One of our major priorities at Healthwatch England for the coming year
will be around one of the most basic of consumer rights,
the right to redress or complain or give feedback.
We know from our own research and work carried out through LINks
that complaints are a major issue across health and social care,
and particularly in primary care.
Last week we commissioned a YouGov survey
to find out some research on this issue.
YouGov talked to just under 2,000 adults in England
about complaints and feedback in health and social care.
This is a topic we'll come back
and have a lot more to say about over the next period,
but I've got some early results for today,
and I'm afraid they confirm all my worst suspicions.
Far too many people are not complaining when they feel they have cause to do so.
We don't complain because we find it too hard to do so,
we don't feel anything would change if we did,
or because we're worried it will compromise future treatment.

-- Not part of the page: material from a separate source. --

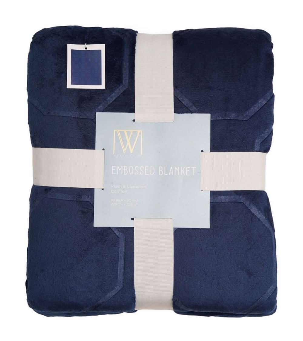 Wayland Square Embossed Plush Blanket, 90x90 in, Navy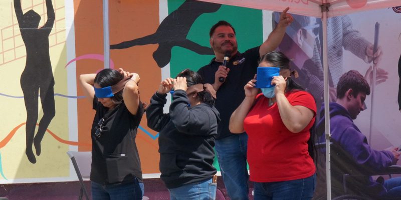 En el cierre de la actividad los presentes tuvieron la oportunidad de participar en dinámicas para aprender el alfabeto y algunas expresiones de socialización en LSM, así como otra en la que un grupo de voluntarios portó un antifaz para ser guiados de tal manera que emularon las circunstancias que afrontan las personas con discapacidad visual.

Almost half of us have no confidence in the complaints system,
and yet three out of four believe that being honest when things go wrong
is really important. That latter certainly reinforces for me
our support for the statutory duty of candour as recommended by Francis.
But taken together, this is a pretty bad state of affairs it seems to me.
It means consumers and users will, at the very least, remain disgruntled,
and it means the system is missing the opportunity to improve.
That's perhaps the most important thing.
We will be doing much more in this area over the coming year.
We'll particularly focus on those who don't have a voice or are seldom heard.
I believe if we can make it better for those who find it hardest,
we will all benefit.
I'm quite sure that part of the required improvement will be about process.
But another part of the solution
will involve a change in culture and attitude.
Complaining should be easy, and, in an ideal world,
complaints and feedback should be welcomed
as a chance to make things better rather than being seen,
as I fear they are by many, as a charge to be defended or denied.
But I don't actually want us as the Healthwatch network
just to focus on making the existing system better.
I'd like us to be more ambitious than that
and focus on the real prize of changing the systems we have where we need to.
By staying focused on what's best for the consumer or user,
I believe we can truly achieve this.
Our aim should be to focus on those areas where we can bring real value.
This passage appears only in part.